→ The data
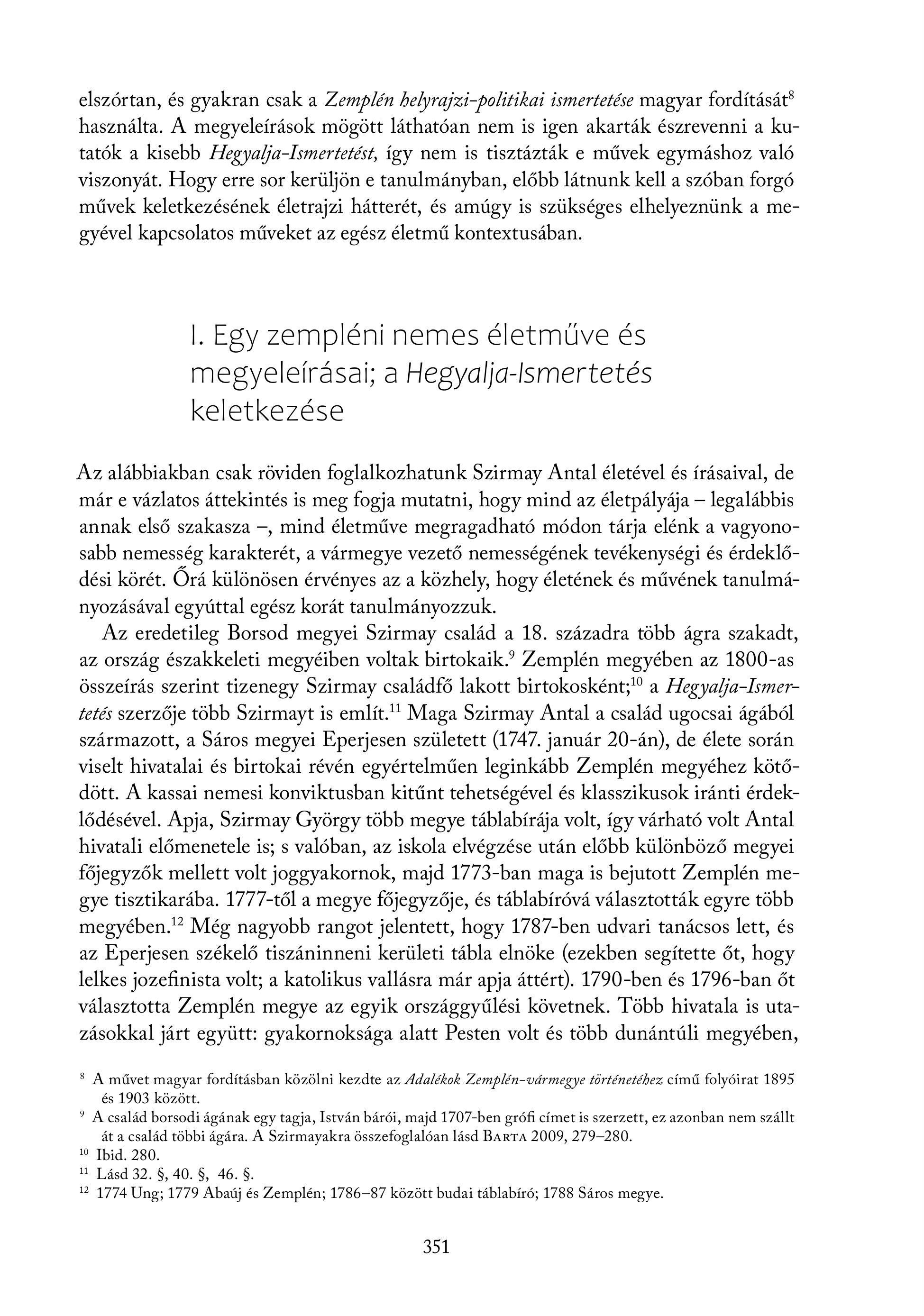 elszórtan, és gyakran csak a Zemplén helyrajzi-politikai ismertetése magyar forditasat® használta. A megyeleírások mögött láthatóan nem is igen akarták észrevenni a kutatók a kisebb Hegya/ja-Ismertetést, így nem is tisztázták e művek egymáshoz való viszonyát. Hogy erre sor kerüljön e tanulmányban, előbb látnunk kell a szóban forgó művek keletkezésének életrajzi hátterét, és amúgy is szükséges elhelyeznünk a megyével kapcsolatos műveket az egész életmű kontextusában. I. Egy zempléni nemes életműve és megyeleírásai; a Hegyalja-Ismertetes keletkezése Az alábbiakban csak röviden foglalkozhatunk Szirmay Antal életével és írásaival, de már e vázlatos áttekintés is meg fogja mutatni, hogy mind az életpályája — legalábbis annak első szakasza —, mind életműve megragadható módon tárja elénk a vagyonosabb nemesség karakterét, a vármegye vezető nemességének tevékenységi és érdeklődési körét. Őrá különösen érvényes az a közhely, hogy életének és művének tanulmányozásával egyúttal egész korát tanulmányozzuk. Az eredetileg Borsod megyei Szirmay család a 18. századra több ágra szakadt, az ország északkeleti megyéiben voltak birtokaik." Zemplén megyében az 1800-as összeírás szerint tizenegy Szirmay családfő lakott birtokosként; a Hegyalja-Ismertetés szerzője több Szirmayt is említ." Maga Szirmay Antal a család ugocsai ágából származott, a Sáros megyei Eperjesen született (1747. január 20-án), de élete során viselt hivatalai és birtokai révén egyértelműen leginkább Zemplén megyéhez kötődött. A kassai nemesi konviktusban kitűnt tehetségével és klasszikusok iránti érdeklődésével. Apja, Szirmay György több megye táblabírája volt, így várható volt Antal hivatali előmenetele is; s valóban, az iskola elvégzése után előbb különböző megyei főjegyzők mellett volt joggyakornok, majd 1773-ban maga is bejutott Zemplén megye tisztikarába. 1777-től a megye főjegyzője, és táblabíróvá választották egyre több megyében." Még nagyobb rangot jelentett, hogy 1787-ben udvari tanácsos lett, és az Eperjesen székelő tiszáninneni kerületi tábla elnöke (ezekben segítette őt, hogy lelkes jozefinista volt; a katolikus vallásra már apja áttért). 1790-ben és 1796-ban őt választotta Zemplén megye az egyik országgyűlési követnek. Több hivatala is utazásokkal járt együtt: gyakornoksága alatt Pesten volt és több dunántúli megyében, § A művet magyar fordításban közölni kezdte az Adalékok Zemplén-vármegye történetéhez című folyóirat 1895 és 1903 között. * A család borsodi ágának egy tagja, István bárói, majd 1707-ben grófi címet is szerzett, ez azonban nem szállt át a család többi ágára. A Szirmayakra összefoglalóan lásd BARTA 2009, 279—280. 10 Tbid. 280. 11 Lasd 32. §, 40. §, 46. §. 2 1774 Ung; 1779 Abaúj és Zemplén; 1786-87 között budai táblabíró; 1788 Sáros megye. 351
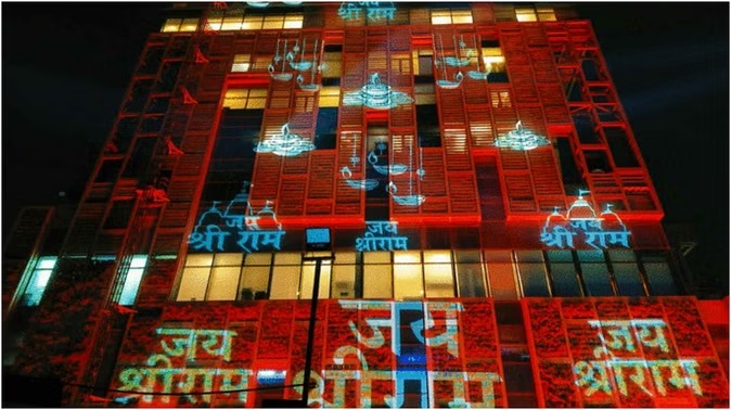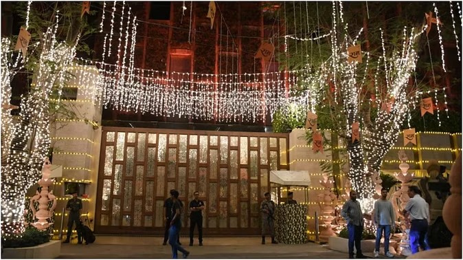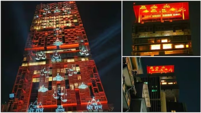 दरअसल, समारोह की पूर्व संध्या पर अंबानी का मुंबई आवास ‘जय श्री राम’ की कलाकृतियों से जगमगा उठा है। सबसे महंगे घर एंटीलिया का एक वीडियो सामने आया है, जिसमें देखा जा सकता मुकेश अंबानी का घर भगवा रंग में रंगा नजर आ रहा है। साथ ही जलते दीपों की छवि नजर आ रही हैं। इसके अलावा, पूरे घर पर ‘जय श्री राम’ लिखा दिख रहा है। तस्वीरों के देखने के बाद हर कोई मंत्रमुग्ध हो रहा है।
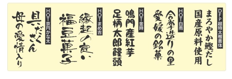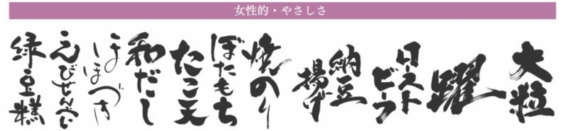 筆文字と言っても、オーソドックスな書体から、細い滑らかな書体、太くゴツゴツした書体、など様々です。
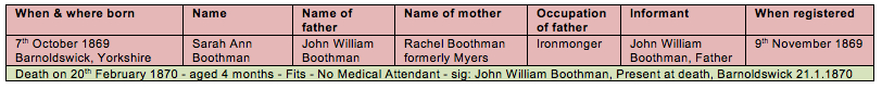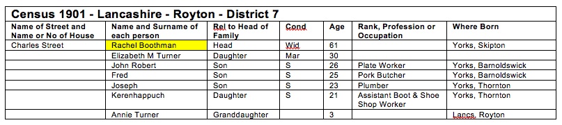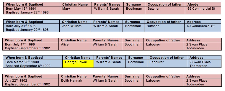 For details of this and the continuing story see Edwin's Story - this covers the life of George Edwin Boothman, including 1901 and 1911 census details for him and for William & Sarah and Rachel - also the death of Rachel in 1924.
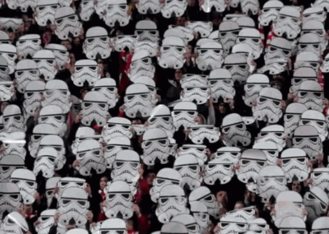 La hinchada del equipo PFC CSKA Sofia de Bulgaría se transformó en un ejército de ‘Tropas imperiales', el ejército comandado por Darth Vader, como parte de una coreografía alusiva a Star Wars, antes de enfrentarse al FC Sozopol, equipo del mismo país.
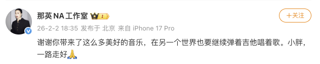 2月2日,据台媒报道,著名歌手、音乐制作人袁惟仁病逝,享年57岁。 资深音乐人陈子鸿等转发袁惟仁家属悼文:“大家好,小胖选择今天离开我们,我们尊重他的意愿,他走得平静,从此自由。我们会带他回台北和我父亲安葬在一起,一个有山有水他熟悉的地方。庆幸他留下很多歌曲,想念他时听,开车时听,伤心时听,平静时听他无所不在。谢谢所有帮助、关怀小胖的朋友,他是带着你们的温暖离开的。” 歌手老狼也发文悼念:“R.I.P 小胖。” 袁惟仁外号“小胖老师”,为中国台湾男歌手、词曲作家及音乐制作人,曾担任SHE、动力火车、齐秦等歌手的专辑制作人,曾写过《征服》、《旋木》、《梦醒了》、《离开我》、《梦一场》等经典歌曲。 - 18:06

→ Exercise requirements
Leave out the images and copy all remaining data word for word.

→ Solution to the exercise
 elszórtan, és gyakran csak a Zemplén helyrajzi-politikai ismertetése magyar forditasat® használta. A megyeleírások mögött láthatóan nem is igen akarták észrevenni a kutatók a kisebb Hegya/ja-Ismertetést, így nem is tisztázták e művek egymáshoz való viszonyát. Hogy erre sor kerüljön e tanulmányban, előbb látnunk kell a szóban forgó művek keletkezésének életrajzi hátterét, és amúgy is szükséges elhelyeznünk a megyével kapcsolatos műveket az egész életmű kontextusában. I. Egy zempléni nemes életműve és megyeleírásai; a Hegyalja-Ismertetes keletkezése Az alábbiakban csak röviden foglalkozhatunk Szirmay Antal életével és írásaival, de már e vázlatos áttekintés is meg fogja mutatni, hogy mind az életpályája — legalábbis annak első szakasza —, mind életműve megragadható módon tárja elénk a vagyonosabb nemesség karakterét, a vármegye vezető nemességének tevékenységi és érdeklődési körét. Őrá különösen érvényes az a közhely, hogy életének és művének tanulmányozásával egyúttal egész korát tanulmányozzuk. Az eredetileg Borsod megyei Szirmay család a 18. századra több ágra szakadt, az ország északkeleti megyéiben voltak birtokaik." Zemplén megyében az 1800-as összeírás szerint tizenegy Szirmay családfő lakott birtokosként; a Hegyalja-Ismertetés szerzője több Szirmayt is említ." Maga Szirmay Antal a család ugocsai ágából származott, a Sáros megyei Eperjesen született (1747. január 20-án), de élete során viselt hivatalai és birtokai révén egyértelműen leginkább Zemplén megyéhez kötődött. A kassai nemesi konviktusban kitűnt tehetségével és klasszikusok iránti érdeklődésével. Apja, Szirmay György több megye táblabírája volt, így várható volt Antal hivatali előmenetele is; s valóban, az iskola elvégzése után előbb különböző megyei főjegyzők mellett volt joggyakornok, majd 1773-ban maga is bejutott Zemplén megye tisztikarába. 1777-től a megye főjegyzője, és táblabíróvá választották egyre több megyében." Még nagyobb rangot jelentett, hogy 1787-ben udvari tanácsos lett, és az Eperjesen székelő tiszáninneni kerületi tábla elnöke (ezekben segítette őt, hogy lelkes jozefinista volt; a katolikus vallásra már apja áttért). 1790-ben és 1796-ban őt választotta Zemplén megye az egyik országgyűlési követnek. Több hivatala is utazásokkal járt együtt: gyakornoksága alatt Pesten volt és több dunántúli megyében, § A művet magyar fordításban közölni kezdte az Adalékok Zemplén-vármegye történetéhez című folyóirat 1895 és 1903 között. * A család borsodi ágának egy tagja, István bárói, majd 1707-ben grófi címet is szerzett, ez azonban nem szállt át a család többi ágára. A Szirmayakra összefoglalóan lásd BARTA 2009, 279—280. 10 Tbid. 280. 11 Lasd 32. §, 40. §, 46. §. 2 1774 Ung; 1779 Abaúj és Zemplén; 1786-87 között budai táblabíró; 1788 Sáros megye. 351
 दरअसल, समारोह की पूर्व संध्या पर अंबानी का मुंबई आवास ‘जय श्री राम’ की कलाकृतियों से जगमगा उठा है। सबसे महंगे घर एंटीलिया का एक वीडियो सामने आया है, जिसमें देखा जा सकता मुकेश अंबानी का घर भगवा रंग में रंगा नजर आ रहा है। साथ ही जलते दीपों की छवि नजर आ रही हैं। इसके अलावा, पूरे घर पर ‘जय श्री राम’ लिखा दिख रहा है। तस्वीरों के देखने के बाद हर कोई मंत्रमुग्ध हो रहा है।
 筆文字と言っても、オーソドックスな書体から、細い滑らかな書体、太くゴツゴツした書体、など様々です。
 For details of this and the continuing story see Edwin's Story - this covers the life of George Edwin Boothman, including 1901 and 1911 census details for him and for William & Sarah and Rachel - also the death of Rachel in 1924.
 La hinchada del equipo PFC CSKA Sofia de Bulgaría se transformó en un ejército de ‘Tropas imperiales', el ejército comandado por Darth Vader, como parte de una coreografía alusiva a Star Wars, antes de enfrentarse al FC Sozopol, equipo del mismo país.
 2月2日,据台媒报道,著名歌手、音乐制作人袁惟仁病逝,享年57岁。 资深音乐人陈子鸿等转发袁惟仁家属悼文:“大家好,小胖选择今天离开我们,我们尊重他的意愿,他走得平静,从此自由。我们会带他回台北和我父亲安葬在一起,一个有山有水他熟悉的地方。庆幸他留下很多歌曲,想念他时听,开车时听,伤心时听,平静时听他无所不在。谢谢所有帮助、关怀小胖的朋友,他是带着你们的温暖离开的。” 歌手老狼也发文悼念:“R.I.P 小胖。” 袁惟仁外号“小胖老师”,为中国台湾男歌手、词曲作家及音乐制作人,曾担任SHE、动力火车、齐秦等歌手的专辑制作人,曾写过《征服》、《旋木》、《梦醒了》、《离开我》、《梦一场》等经典歌曲。 - 18:06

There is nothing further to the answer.